### HOW TO COMPLETE THIS TASK
In the records below, the lines between the one holding "下部ベゼルはある程度の幅があるものの、一般的なモニターと比べると狭いです。" and the one holding "Now that we", inclusive, are to be transcribed exactly; no pictures are to be included.

### STUDY MATERIAL
⟨

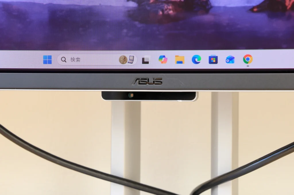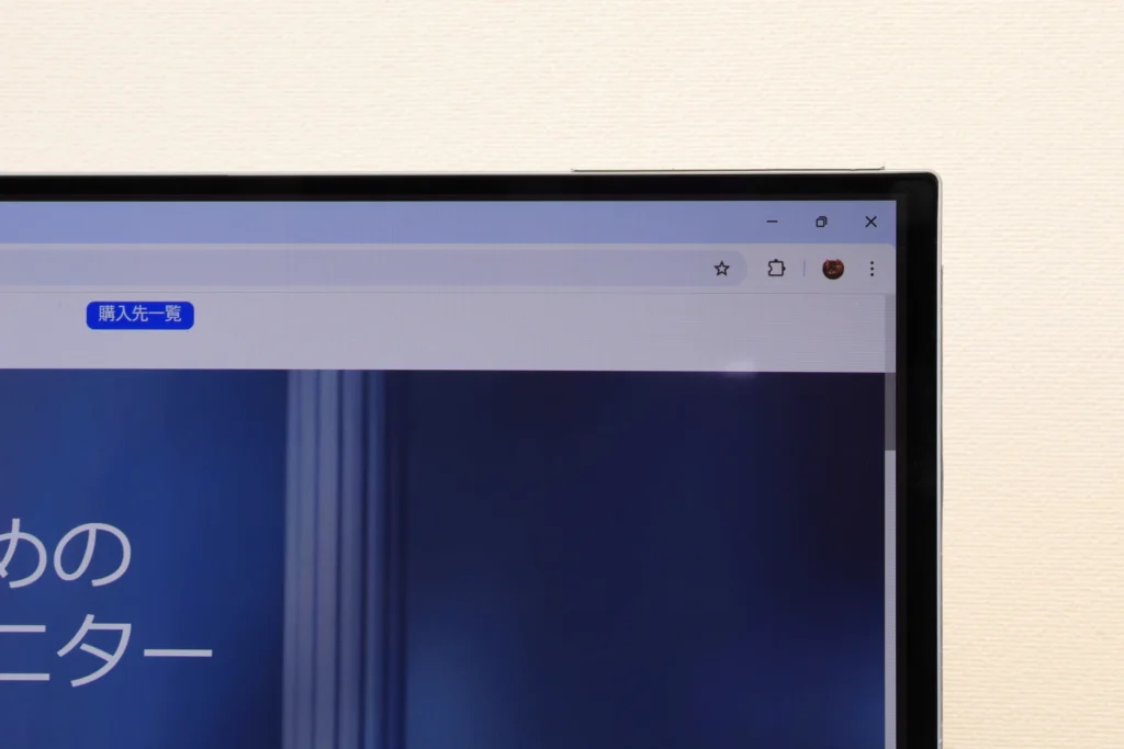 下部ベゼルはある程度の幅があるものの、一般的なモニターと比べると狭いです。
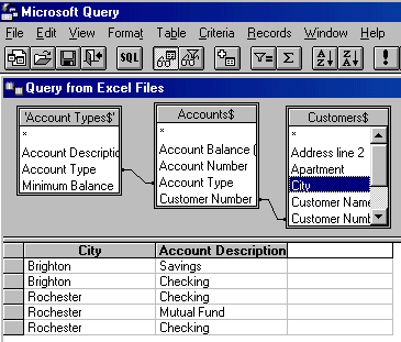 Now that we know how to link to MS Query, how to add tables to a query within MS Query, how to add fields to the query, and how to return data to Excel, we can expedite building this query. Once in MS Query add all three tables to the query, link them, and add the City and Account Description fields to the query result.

⟩
⟨

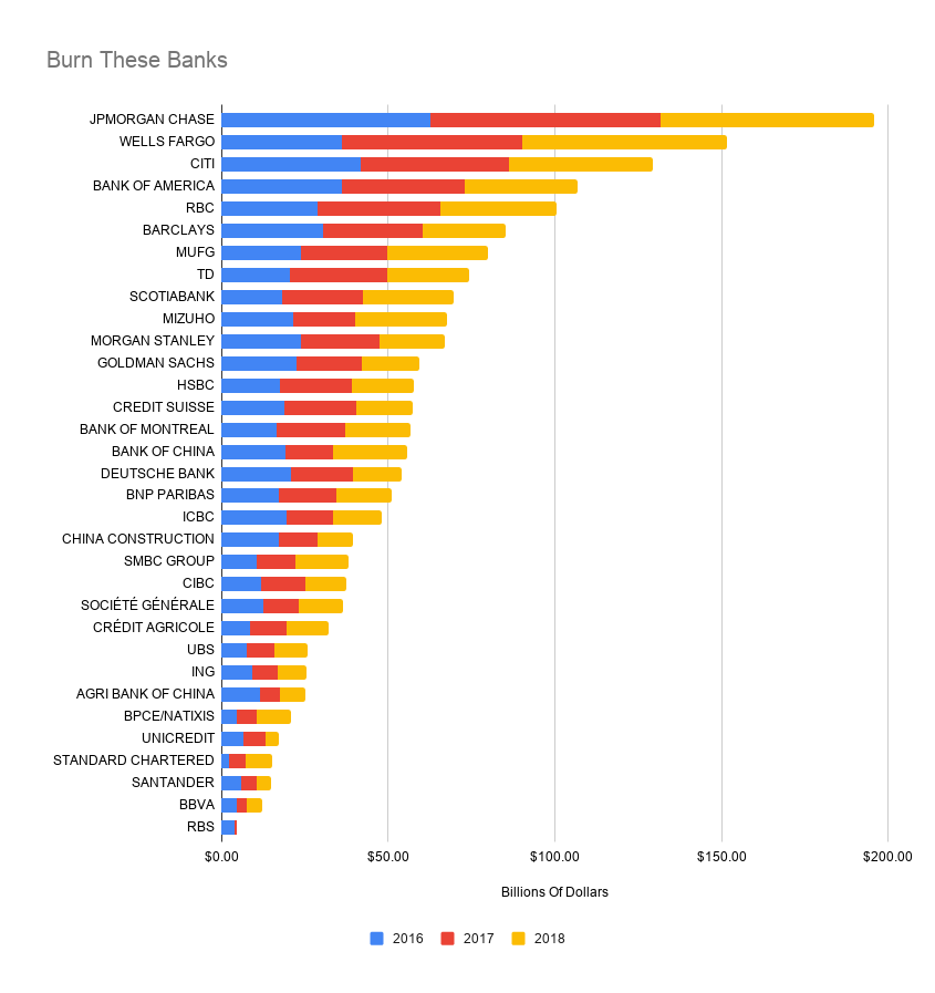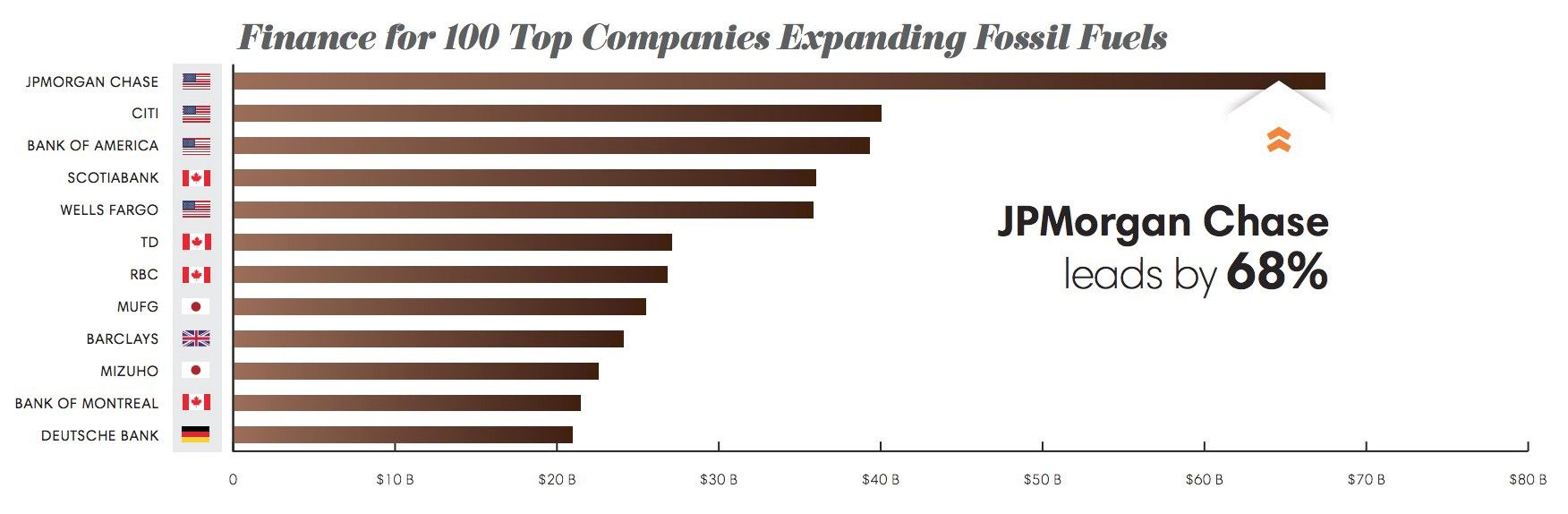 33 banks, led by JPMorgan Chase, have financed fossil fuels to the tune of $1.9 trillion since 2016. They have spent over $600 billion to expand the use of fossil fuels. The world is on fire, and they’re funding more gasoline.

⟩
⟨

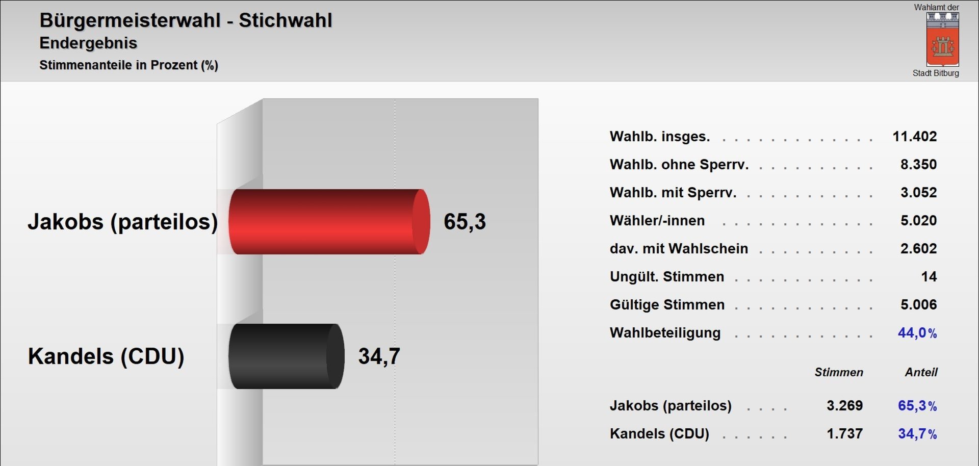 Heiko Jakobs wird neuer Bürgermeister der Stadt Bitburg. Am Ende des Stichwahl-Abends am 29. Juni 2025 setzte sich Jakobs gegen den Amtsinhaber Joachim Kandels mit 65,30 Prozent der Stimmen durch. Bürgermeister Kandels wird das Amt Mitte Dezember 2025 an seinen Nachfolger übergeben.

⟩

### RESULT FOR THIS EXERCISE
 下部ベゼルはある程度の幅があるものの、一般的なモニターと比べると狭いです。
 Now that we know how to link to MS Query, how to add tables to a query within MS Query, how to add fields to the query, and how to return data to Excel, we can expedite building this query. Once in MS Query add all three tables to the query, link them, and add the City and Account Description fields to the query result.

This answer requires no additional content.